The liquid then flows out to what's called a coolant distribution unit, or CDU, which is constantly measuring metrics like temperature and pressure, as well as other metrics like turbidity and conductance. This means that we can continuously measure the health of the system in production. The liquid then goes to a heat exchanger to get cooled down. At Amazon, we actually invented a new solution called the IRHX heat exchanger, where we can co-deploy our cooling racks alongside our compute racks in our data centers. This means that we can leverage existing data center capacity much more dynamically and flexibly to scale our GPU compute in response to customer demand.

What are the main benefits to customers from liquid cooling? The first main benefit is higher compute density. With liquid cooling, we can fit many more GPUs much closer together, meaning that we can pack more GPUs in standalone compute products like EC2 Ultra servers. We'll talk more about these in the next slide. The second benefit for customers is that our focus on serviceability and reliability means that customers can enjoy higher uptime and availability through our design.
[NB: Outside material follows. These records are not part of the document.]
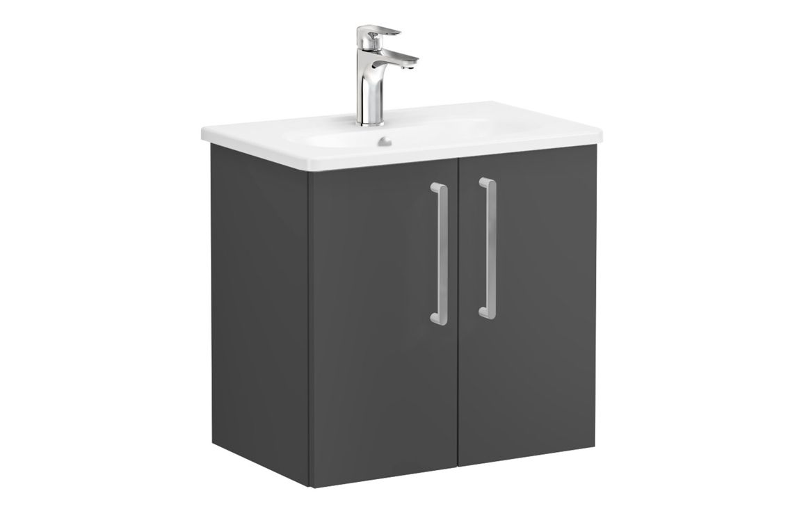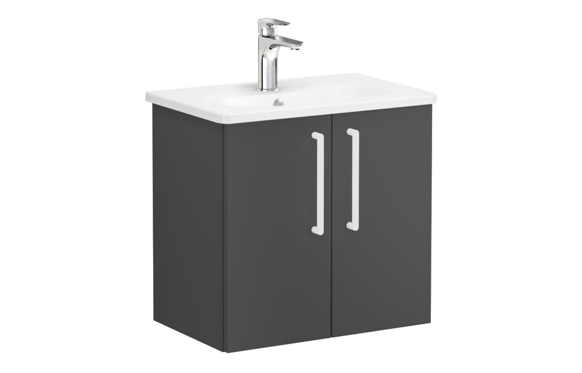 VitrA Zentrum Compact 60cm 2 Door W/H Washbasin Unit – Matt Storm Grey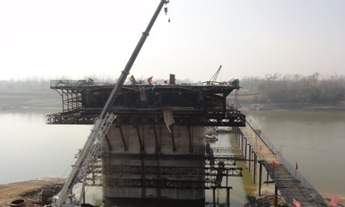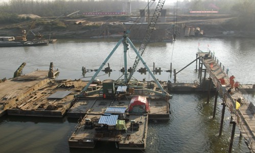 2、桥梁工程:北岸浇筑2-3#跨现浇箱梁底层,水中浇筑4#墩悬浇箱梁0-1#块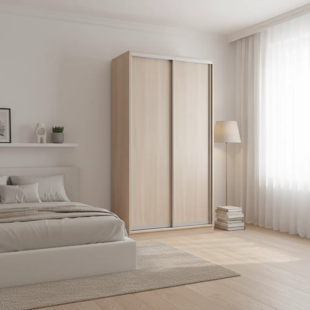 Раздвижные двери помогают экономить пространство — идеальны для небольших помещений. Гарантия от производителя — 18 месяцев. Модель предназначена для хранения одежды, обуви, текстиля и других вещей. Современный минималистичный стиль подойдёт для любого интерьера.

Finally, solutions like IRHX mean that we can scale quickly in response to customer demand without having to constrain ourselves only to those options that can support facilities-level liquid cooling. Liquid cooling is a foundational technology that provides better GPU performance for customers.

EC2 Ultra Servers: A New Tenancy Model for Multi-Trillion Parameter Models

Let's now talk about how customers actually access this compute through EC2 products like Ultra servers. An EC2 Ultra server is a collection of EC2 instances that share a high bandwidth, low latency GPU interconnect, meaning that a mesh of GPUs across instances can operate as a single powerful standalone unit of compute. This means that we can deliver an order of magnitude higher compute to customers. Our P6e Ultra servers provide more than 20 times the compute under NVLink compared to our prior generation P5en instances.

Ultra servers represent a new tenancy model and a new customer experience in EC2, and we launched a dedicated set of APIs to help customers manage every aspect of this customer experience, from capacity provisioning to monitoring and observability to other aspects like topology and auto scaling. We also implemented a custom Nitro-based design for managing the NVSwitch trays in the Ultra servers so that we can securely and dynamically partition the NVLink domain, providing greater choice for customers across Ultra server sizes. Finally, we had an emphasis on ensuring that every aspect of this Ultra server customer experience integrated seamlessly across the GenAI stack at Amazon from EC2 services like topology and auto scaling to orchestration services like Elastic Kubernetes Service and Parallel Lustre, all the way to fully managed services like SageMaker Training and Hyperpods. Our primary focus was to ensure that this powerful compute product was as easy for customers to use right out of the box.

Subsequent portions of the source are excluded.